Wheat trade holds firm as EU export tax is confirmed
By Philip Clarke
WHEAT markets have continued to hold firm, despite confirmation that Brussels is to collect an export tax on grain sold outside the EU.
As farmers weekly went to Press on Wednesday (Oct 25) feed wheat was trading at about £119/t ex-farm for November – £4 up on the same time last week, though slightly back on Mondays peak as sterling recovered.
But everything still points to a strong market for the rest of the season. Figures from the US Department of Agriculture estimate a 6% fall in US wheat production, after a third successive year of bad weather.
This combined with the reappearance of a number of big world buyers last week, including Egypt, Tunisia and China, to push world prices to new seasonal highs.
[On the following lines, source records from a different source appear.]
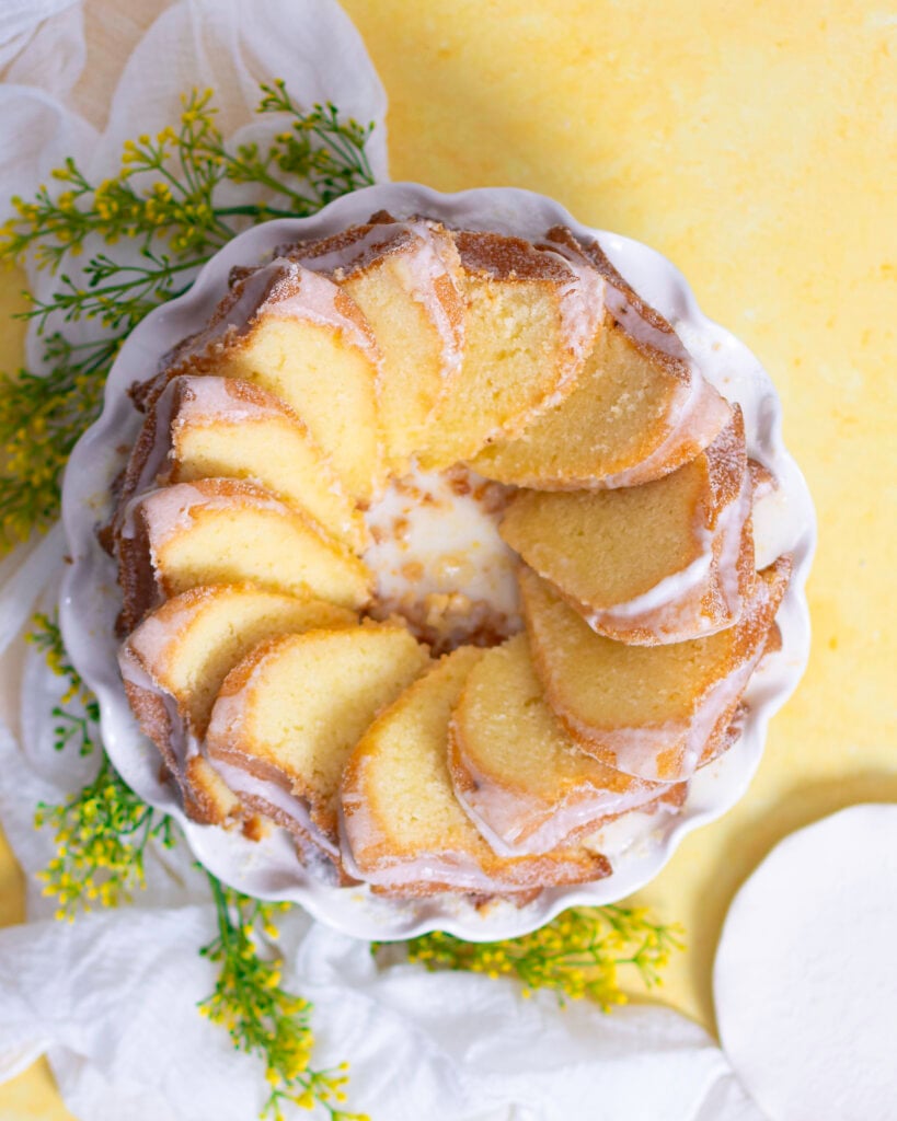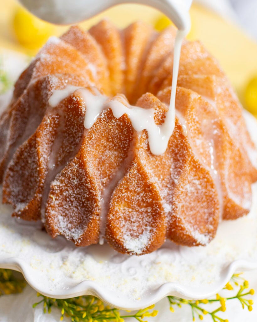 An airy lemon bundt cake coated in sugar flavored with freshly grated lemon zest and then topped off with a generous drizzle of lemon glaze frosting!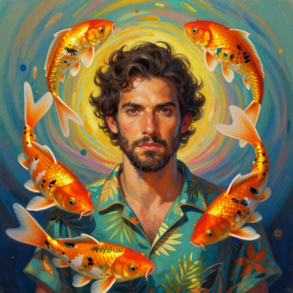 Digital artwork of a man with black-rimmed glasses, wearing a suit, surrounded by colorful birds with vibrant feathers perched on his head. Background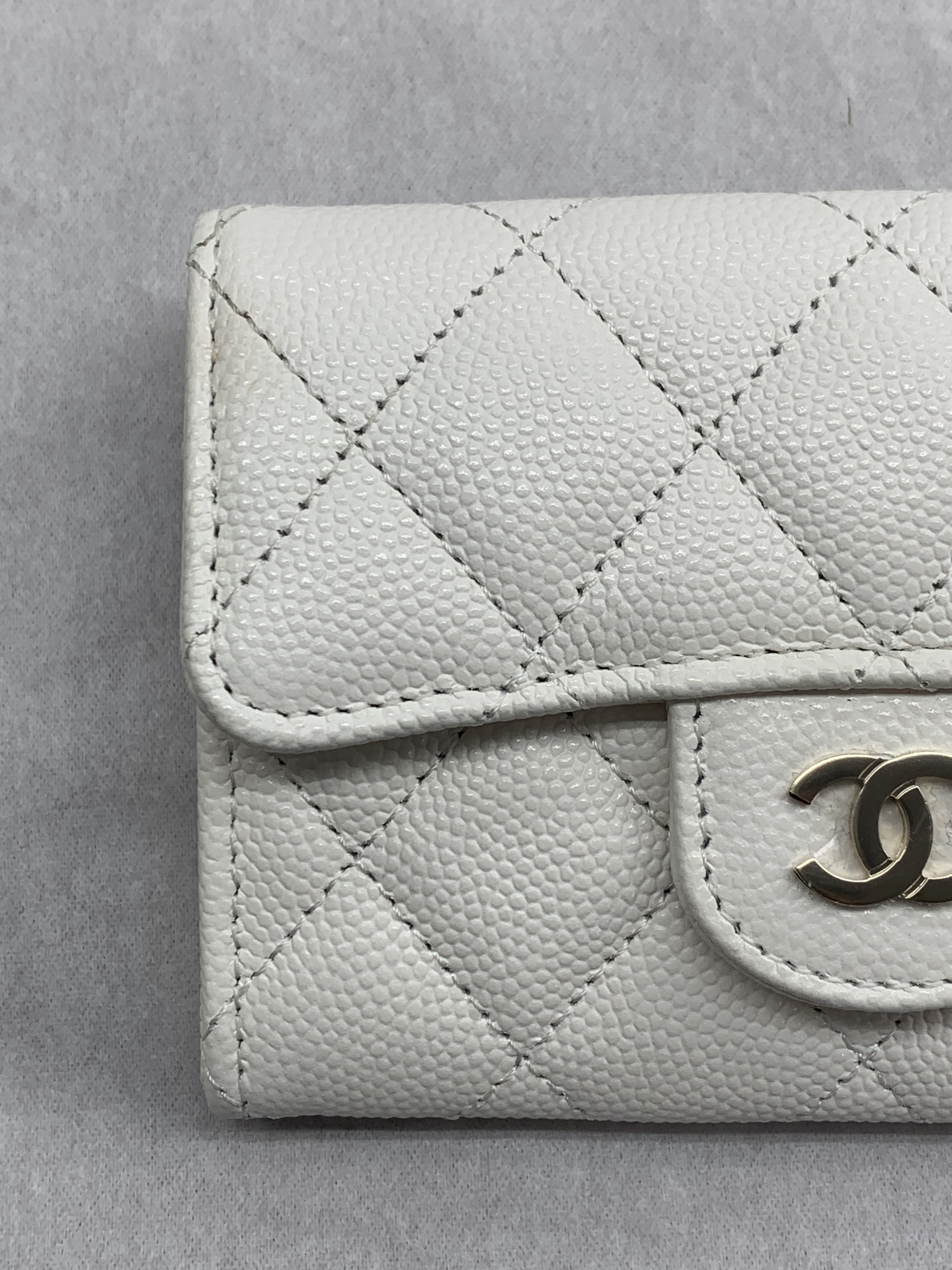 Chanel Classic Card Holder Grained Shiny Calfskin & Gold White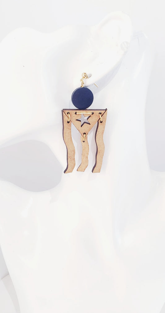Pendientes de Madera con un Toque en Azul de la Bandera de Puertoriqueña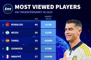 體育資訊12月26日訊 德國(guó)轉(zhuǎn)會(huì)市場(chǎng)統(tǒng)計(jì)了2025年球員信息頁(yè)面的瀏覽量,并列出排名,C羅、梅西、亞馬爾前三。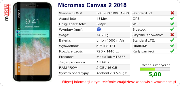Dane telefonu Micromax Canvas 2 2018 na Twojej stronie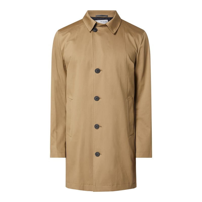 Płaszcz krótki męski SELECTED HOMME, Mieszanka bawełny ekologicznej , Prosty krój , Wykładany kołnierz , Listwa guzikowa , Boczne wpuszczane kieszenie , Karczek, Rozcięcie z tyłu, Długość tyłu w rozmiarze M: 89 cm , Szerokość ramion w rozmiarze M: 46 cm , Długość rękawa w rozmiarze M: 67,5 cm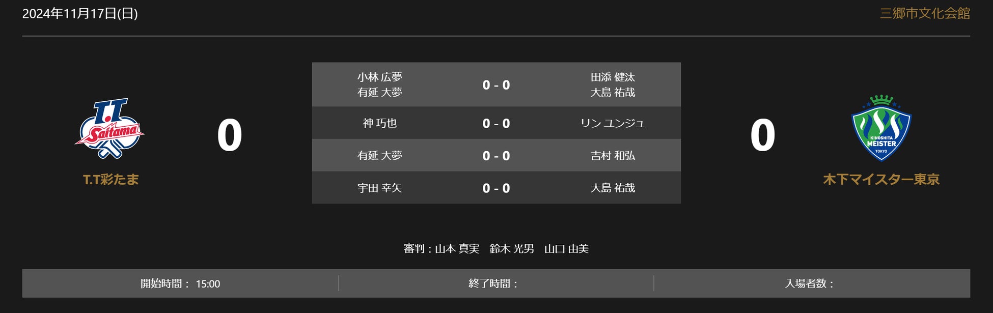 ノジマTリーグ 2024-2025シーズン 公式戦 11月17日開催 T.T彩たま vs 木下マイスター東京の対戦オーダーを発表いたします。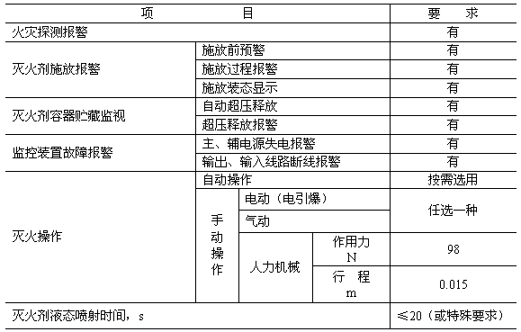 e. 用于控制滅火劑施放的容器閥和操作閥不論其為何種動力方式,也不論其可否遙控,均應能在閥旁進行就地人工操作;其供電要求:DC24 V,3A;供氣要求:啟動氣源應為不燃或惰性氣體,壓力為1.0MPa;操作用力(推力)不超過98N,行程約為15mm;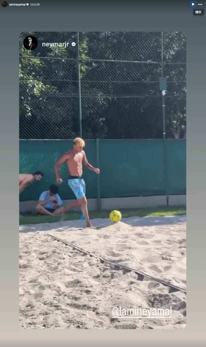 當(dāng)?shù)貢r(shí)間6月19日西甲日?qǐng)?bào)宣報(bào),內(nèi)馬爾在社交媒體發(fā)布了一段亞馬爾踢沙灘足球的視頻。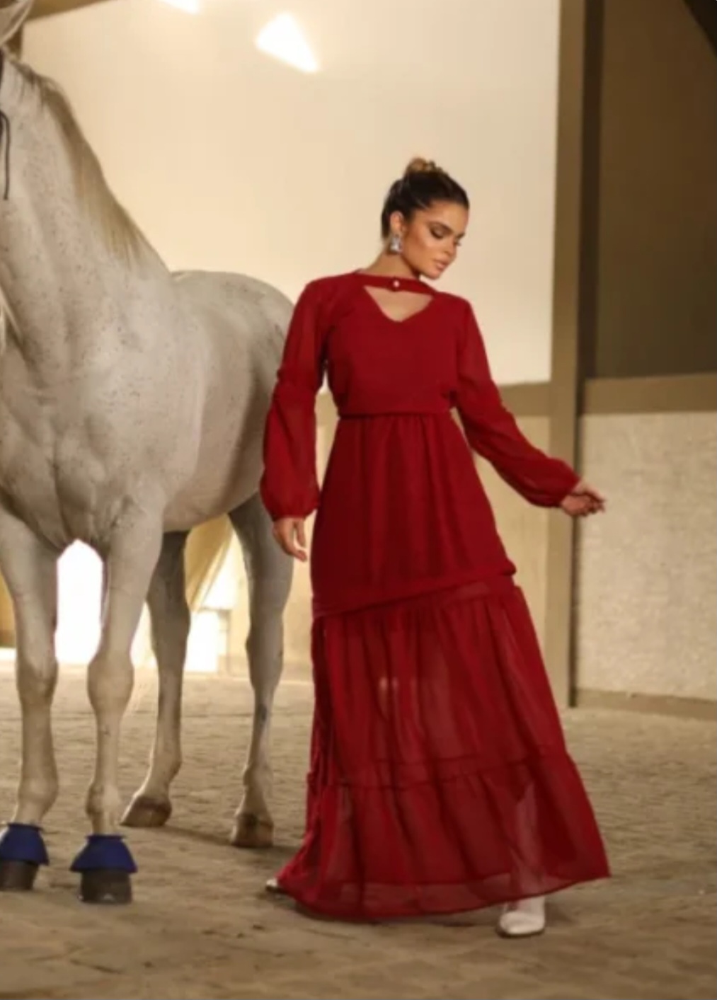 Vestido Sabrina, na alfaiataria, tecido chiffom e cor vermelha.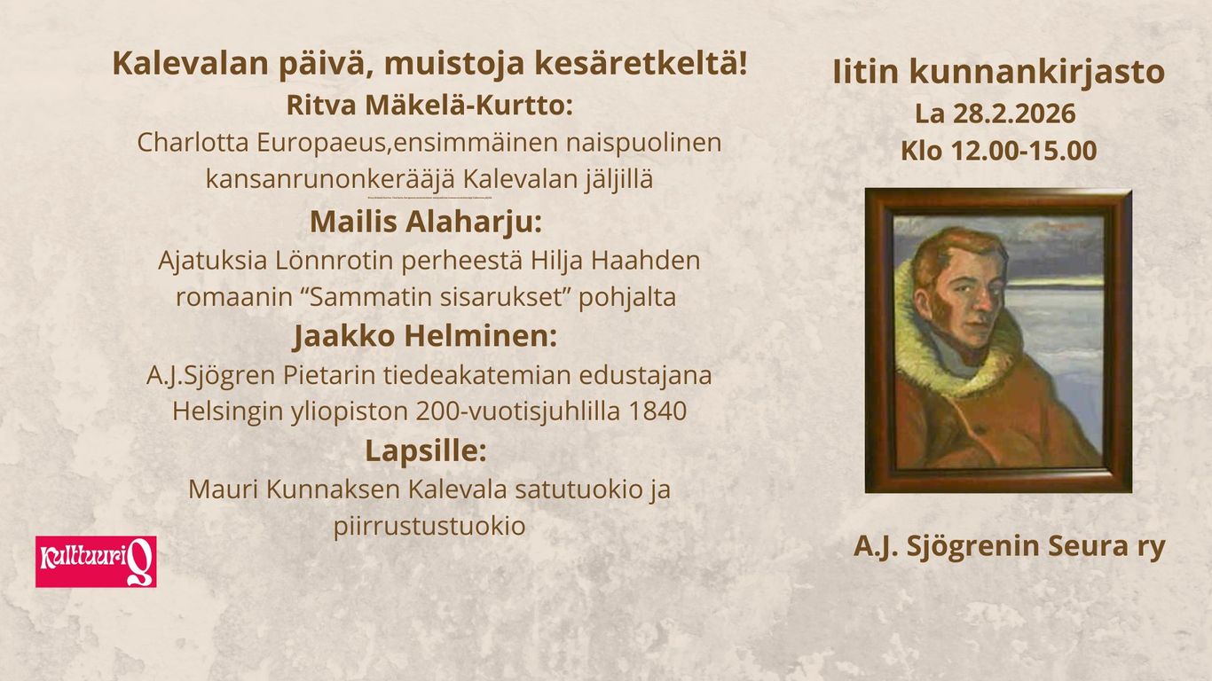 A.J. Sjögren seuran Kalevala päivän muistoja, ajatuksia Lönnrotin perheestä, satutuokio ja piirrustustuokio.

Closer to home, continued lack of ex-farm supplies is keeping the UK market tight.
Against this background, the EC confirmed late last week that it was going to introduce a grain export tax from Nov 16, in a last-ditch attempt to rein in prices.
With world prices overtaking EU levels (midweek, US wheat was worth about $7/t more than UK supplies delivered to north African markets), exporters will have to pay back some or all of the extra.
But rather than impose a flat-rate tax – politically unacceptable to the French – the EC is making traders tender a level at which they wish to do business.
Trade reaction to what effect this will have on the market has been mixed, though much will depend on what rate of tax the commission accepts before it grants export licences.
Tim Pollock of north east co-op Tynegrain anticipates the EC will take a firm line, only accepting the most generous tenders as it tries to limit export tonnage and depress prices.
This view is shared by Robert Kerr of shipper merchant, Glencore. "This is the commissions last weapon," he says. "If the world market keeps going up, the tax offers will have to increase in tandem, putting a ceiling on internal prices."
But other merchants believe factors other than the world market will continue to drive the UK trade. Nick Oakhill of Usbornes points to the lack of cover taken by domestic compounders post-Christmas and the fact the Spanish will still be in the market in the new year.